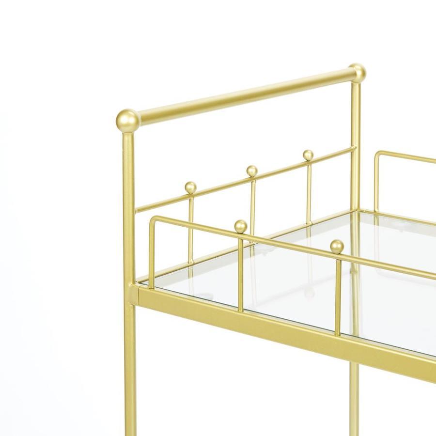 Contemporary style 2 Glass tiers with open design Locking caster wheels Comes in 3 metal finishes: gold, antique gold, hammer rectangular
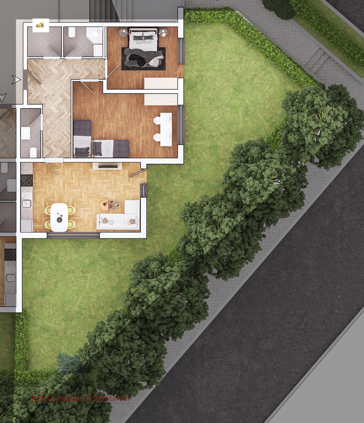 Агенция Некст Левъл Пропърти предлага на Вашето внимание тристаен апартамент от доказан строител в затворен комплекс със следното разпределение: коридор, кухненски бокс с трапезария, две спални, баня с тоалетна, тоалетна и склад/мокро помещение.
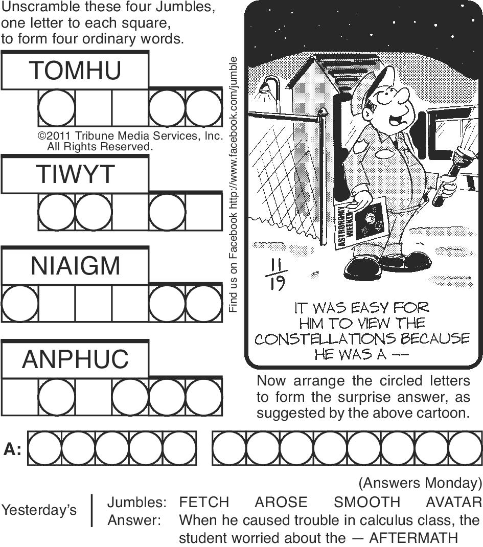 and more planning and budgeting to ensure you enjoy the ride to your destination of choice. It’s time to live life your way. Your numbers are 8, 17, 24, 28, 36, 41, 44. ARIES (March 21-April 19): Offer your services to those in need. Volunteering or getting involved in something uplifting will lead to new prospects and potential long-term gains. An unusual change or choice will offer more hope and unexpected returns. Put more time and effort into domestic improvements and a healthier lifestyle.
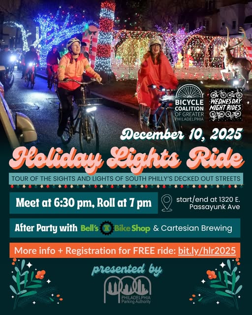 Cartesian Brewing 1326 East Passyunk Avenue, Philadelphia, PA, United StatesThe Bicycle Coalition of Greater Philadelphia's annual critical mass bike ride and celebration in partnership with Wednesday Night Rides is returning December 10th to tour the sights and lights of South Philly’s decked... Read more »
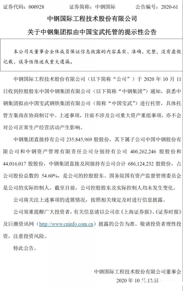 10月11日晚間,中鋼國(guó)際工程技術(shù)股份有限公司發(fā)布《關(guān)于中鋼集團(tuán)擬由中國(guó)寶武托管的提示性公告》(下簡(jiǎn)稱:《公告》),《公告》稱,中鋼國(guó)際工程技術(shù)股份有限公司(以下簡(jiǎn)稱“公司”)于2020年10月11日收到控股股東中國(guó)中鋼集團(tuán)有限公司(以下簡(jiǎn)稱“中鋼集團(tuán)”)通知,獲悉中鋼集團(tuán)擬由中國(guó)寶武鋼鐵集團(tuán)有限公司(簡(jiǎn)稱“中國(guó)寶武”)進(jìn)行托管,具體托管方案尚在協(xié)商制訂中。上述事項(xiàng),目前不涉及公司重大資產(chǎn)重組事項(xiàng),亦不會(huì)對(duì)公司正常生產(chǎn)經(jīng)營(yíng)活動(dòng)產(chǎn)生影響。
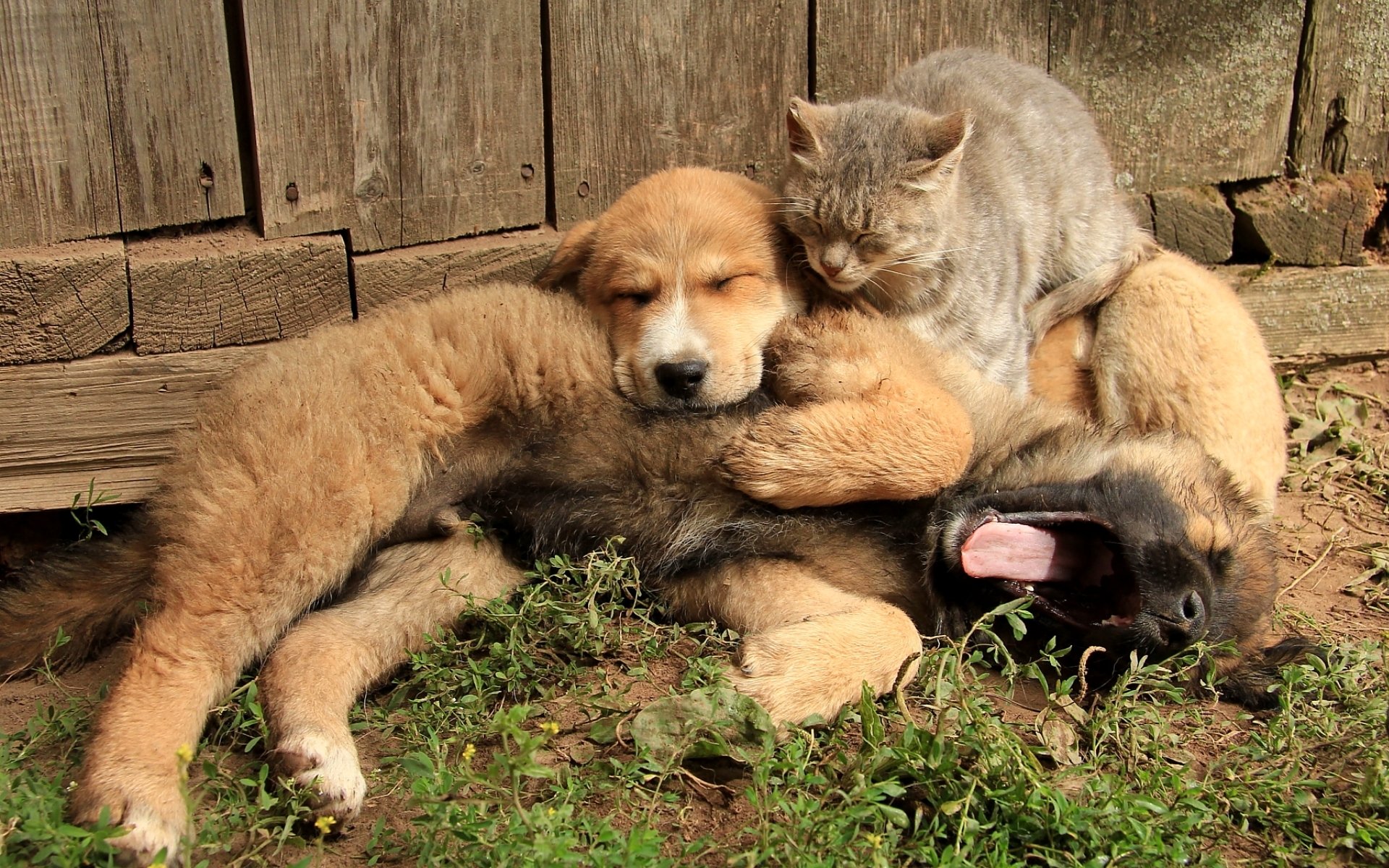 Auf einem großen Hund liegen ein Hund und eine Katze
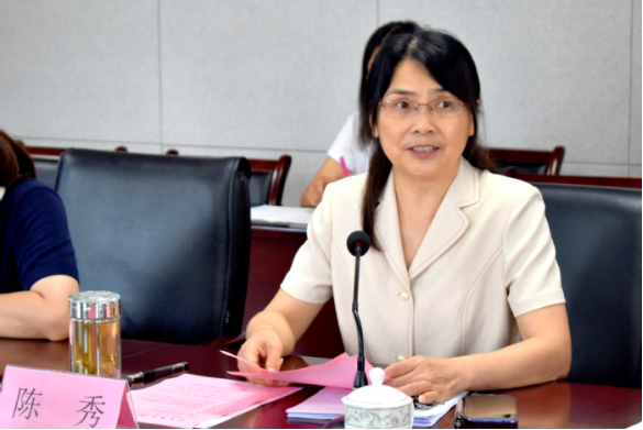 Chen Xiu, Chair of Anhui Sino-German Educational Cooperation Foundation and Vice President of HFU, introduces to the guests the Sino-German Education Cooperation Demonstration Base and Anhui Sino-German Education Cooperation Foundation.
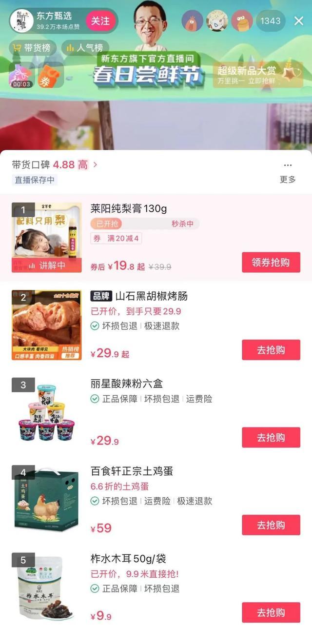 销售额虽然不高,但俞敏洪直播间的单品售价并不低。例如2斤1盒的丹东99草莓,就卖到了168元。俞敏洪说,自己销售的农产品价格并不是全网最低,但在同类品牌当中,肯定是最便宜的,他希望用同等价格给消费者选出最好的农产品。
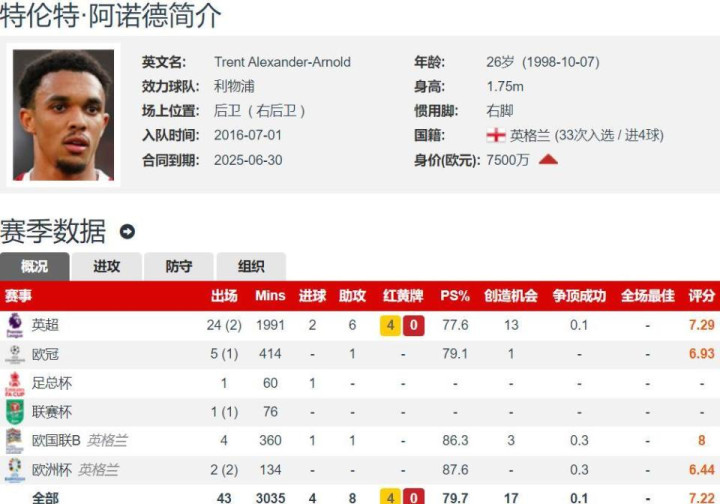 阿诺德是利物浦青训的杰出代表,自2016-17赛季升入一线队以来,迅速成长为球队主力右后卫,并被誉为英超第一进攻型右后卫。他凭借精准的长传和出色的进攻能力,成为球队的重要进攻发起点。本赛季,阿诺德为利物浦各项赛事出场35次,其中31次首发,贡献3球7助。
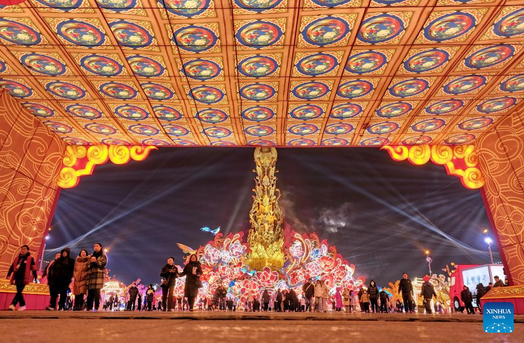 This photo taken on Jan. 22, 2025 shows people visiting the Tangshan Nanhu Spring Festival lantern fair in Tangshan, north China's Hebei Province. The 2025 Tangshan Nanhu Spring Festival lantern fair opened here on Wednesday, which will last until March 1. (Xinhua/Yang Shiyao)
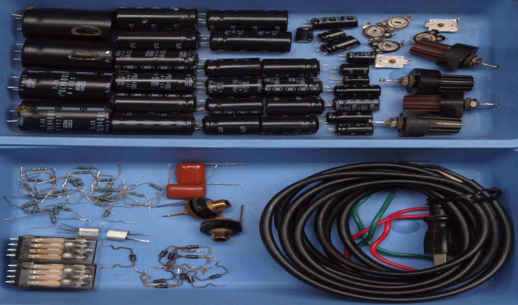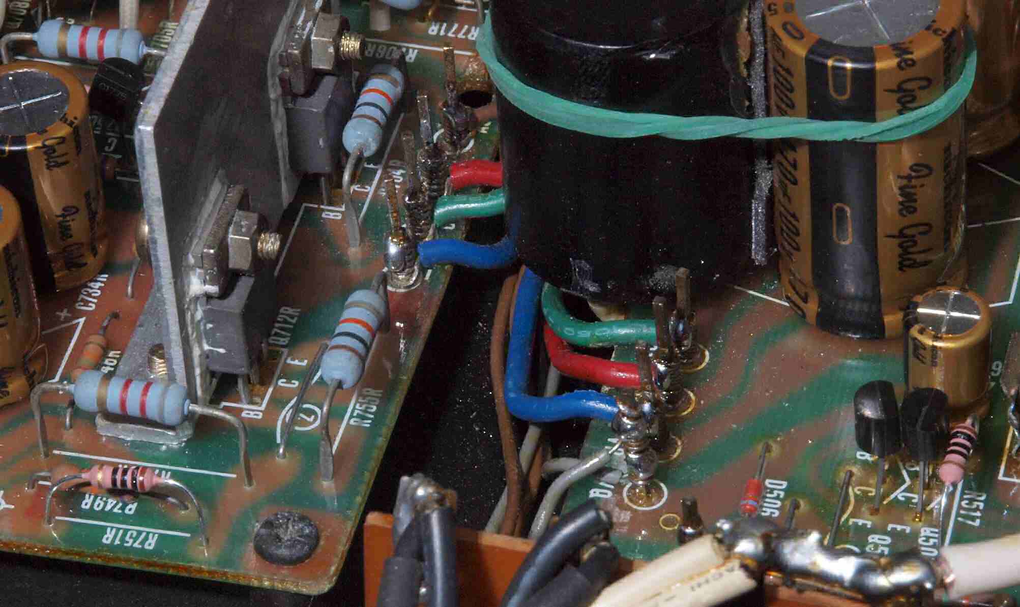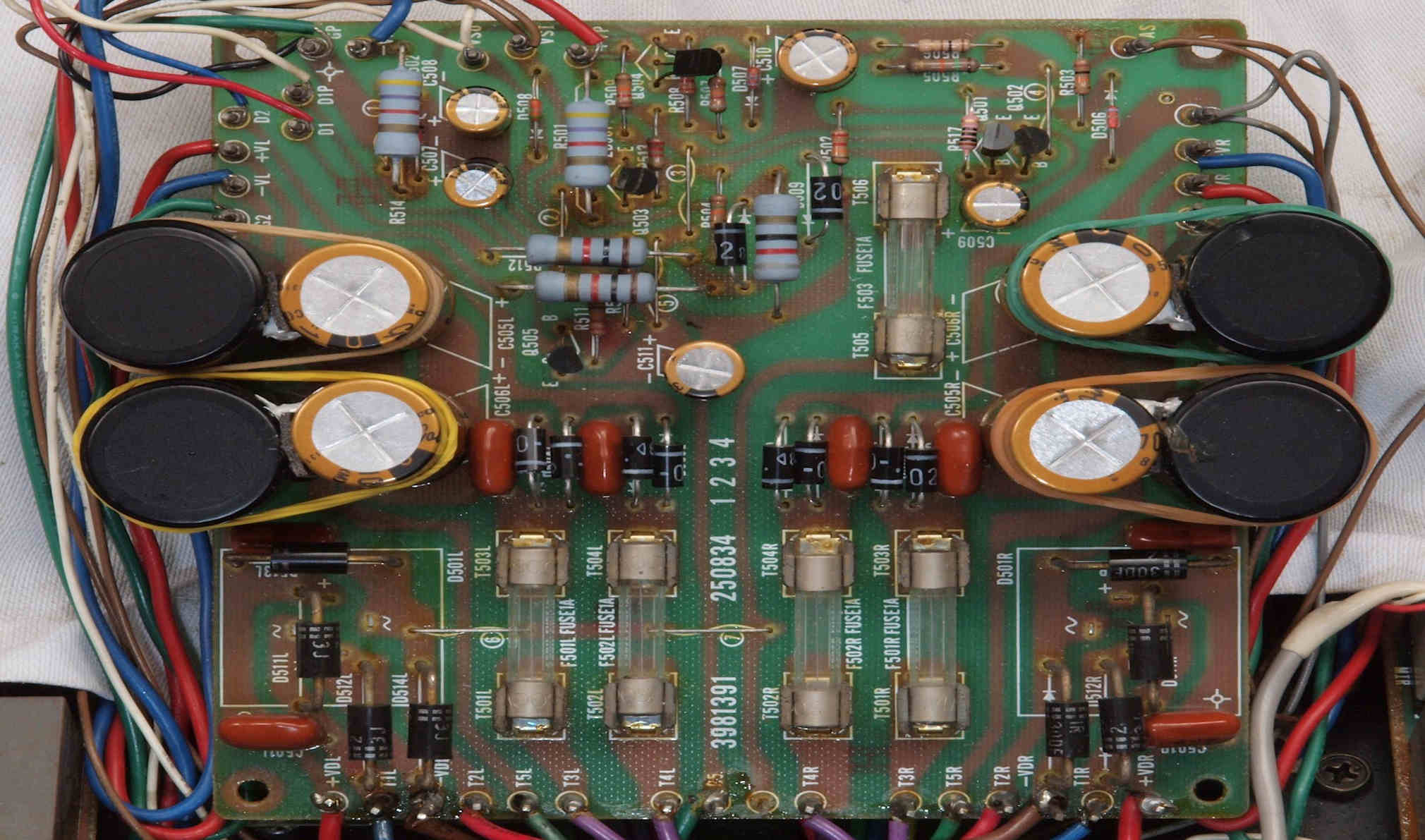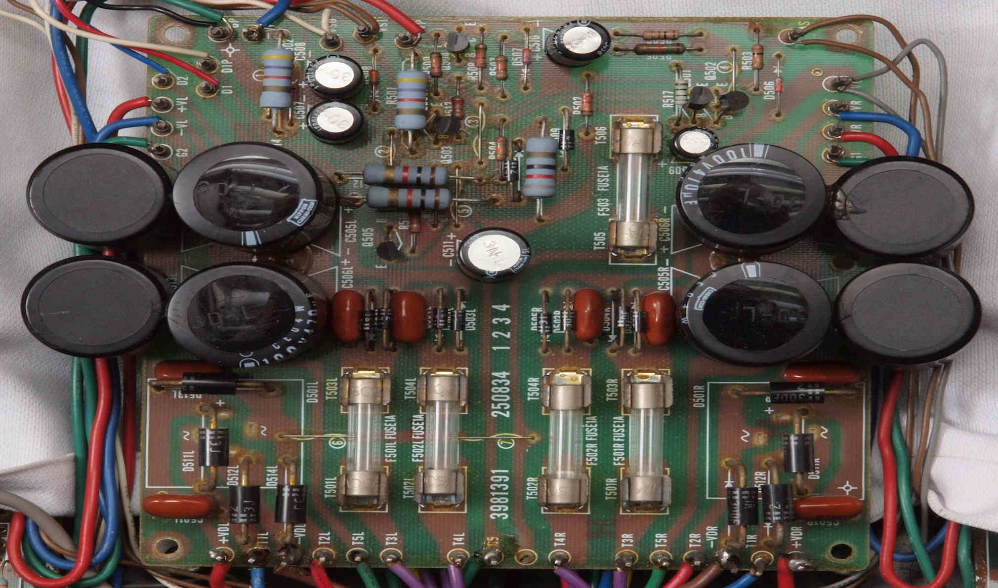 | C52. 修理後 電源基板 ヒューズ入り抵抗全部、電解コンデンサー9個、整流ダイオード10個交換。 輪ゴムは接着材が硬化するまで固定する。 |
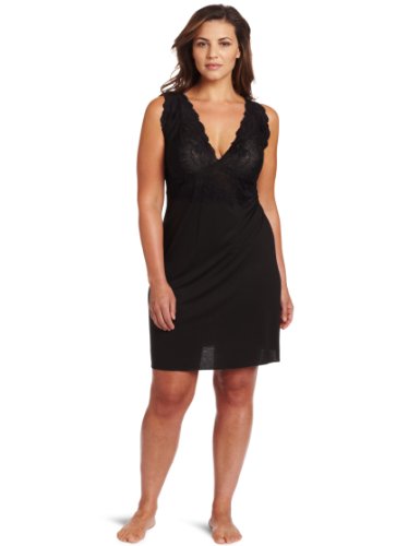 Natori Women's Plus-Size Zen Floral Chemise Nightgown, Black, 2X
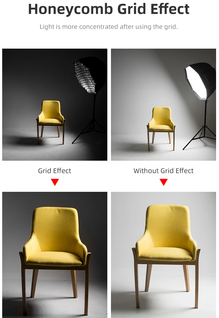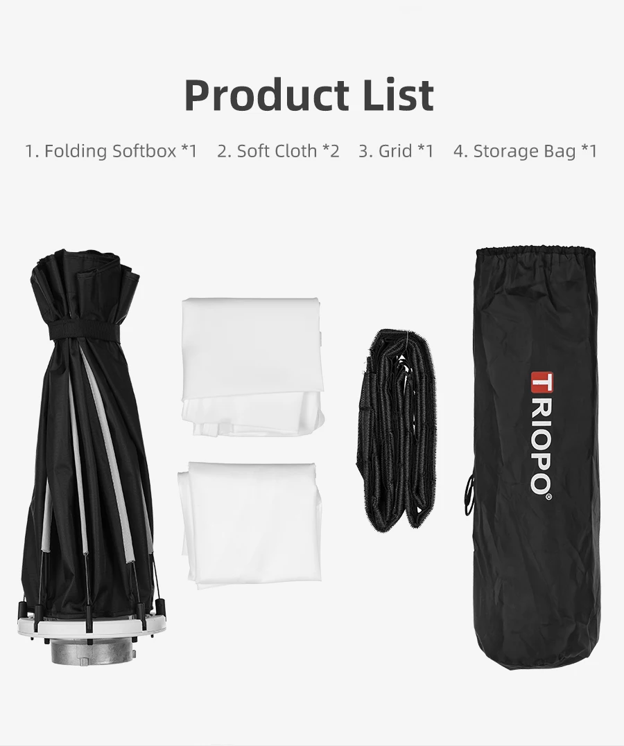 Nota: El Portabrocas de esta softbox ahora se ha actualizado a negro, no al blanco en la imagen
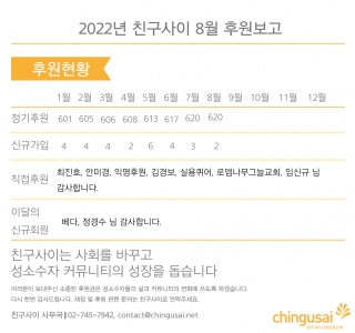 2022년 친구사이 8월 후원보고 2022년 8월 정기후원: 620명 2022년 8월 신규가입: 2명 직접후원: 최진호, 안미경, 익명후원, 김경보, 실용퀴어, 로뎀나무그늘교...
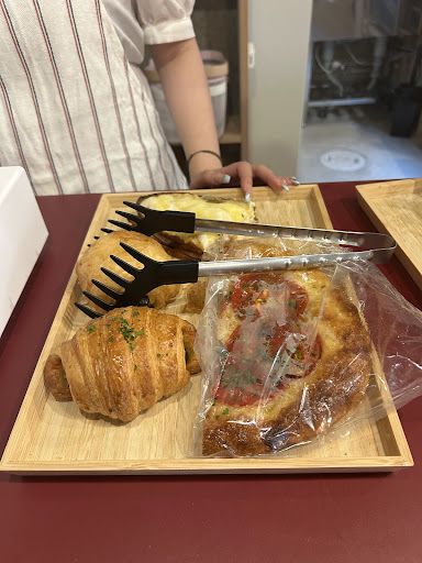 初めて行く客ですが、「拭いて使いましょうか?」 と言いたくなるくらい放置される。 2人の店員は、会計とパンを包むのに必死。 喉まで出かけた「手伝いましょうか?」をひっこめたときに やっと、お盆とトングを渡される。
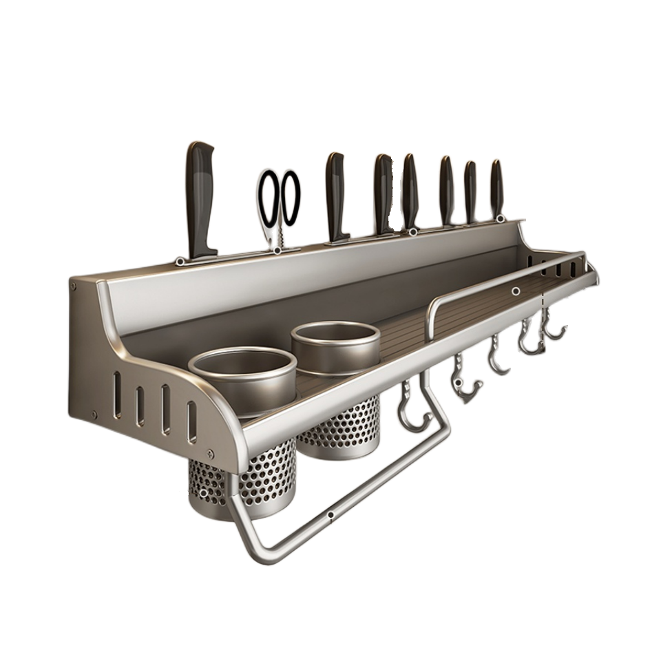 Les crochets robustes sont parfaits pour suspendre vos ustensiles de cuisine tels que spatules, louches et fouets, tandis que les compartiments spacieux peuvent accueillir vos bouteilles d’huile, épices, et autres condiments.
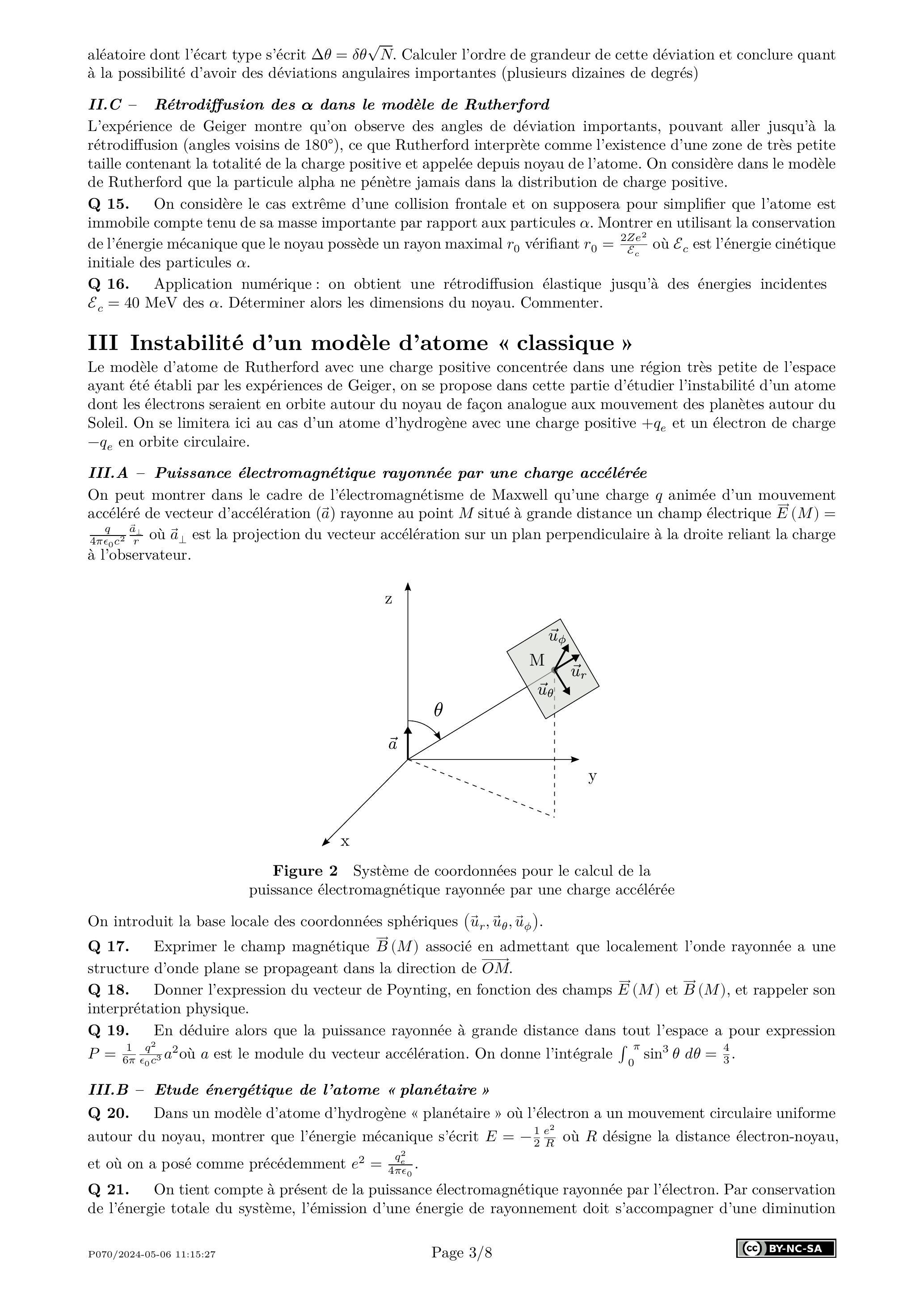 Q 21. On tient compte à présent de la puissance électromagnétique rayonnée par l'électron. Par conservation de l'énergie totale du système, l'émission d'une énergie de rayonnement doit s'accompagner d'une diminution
==========
-- What to produce --
Looking at the listing above, which lines run from the one containing "ヒューズ入り抵抗全部、電解コンデンサー9個、整流ダイオード10個交換。 輪ゴムは接着材が硬化するまで固定する。 |" through the one containing "Les crochets robustes"? Print exactly those, ends included, pictures excluded.

-- The completed task --
 | C52. 修理後 電源基板 ヒューズ入り抵抗全部、電解コンデンサー9個、整流ダイオード10個交換。 輪ゴムは接着材が硬化するまで固定する。 |
 Natori Women's Plus-Size Zen Floral Chemise Nightgown, Black, 2X
 Nota: El Portabrocas de esta softbox ahora se ha actualizado a negro, no al blanco en la imagen
 2022년 친구사이 8월 후원보고 2022년 8월 정기후원: 620명 2022년 8월 신규가입: 2명 직접후원: 최진호, 안미경, 익명후원, 김경보, 실용퀴어, 로뎀나무그늘교...
 初めて行く客ですが、「拭いて使いましょうか?」 と言いたくなるくらい放置される。 2人の店員は、会計とパンを包むのに必死。 喉まで出かけた「手伝いましょうか?」をひっこめたときに やっと、お盆とトングを渡される。
 Les crochets robustes sont parfaits pour suspendre vos ustensiles de cuisine tels que spatules, louches et fouets, tandis que les compartiments spacieux peuvent accueillir vos bouteilles d’huile, épices, et autres condiments.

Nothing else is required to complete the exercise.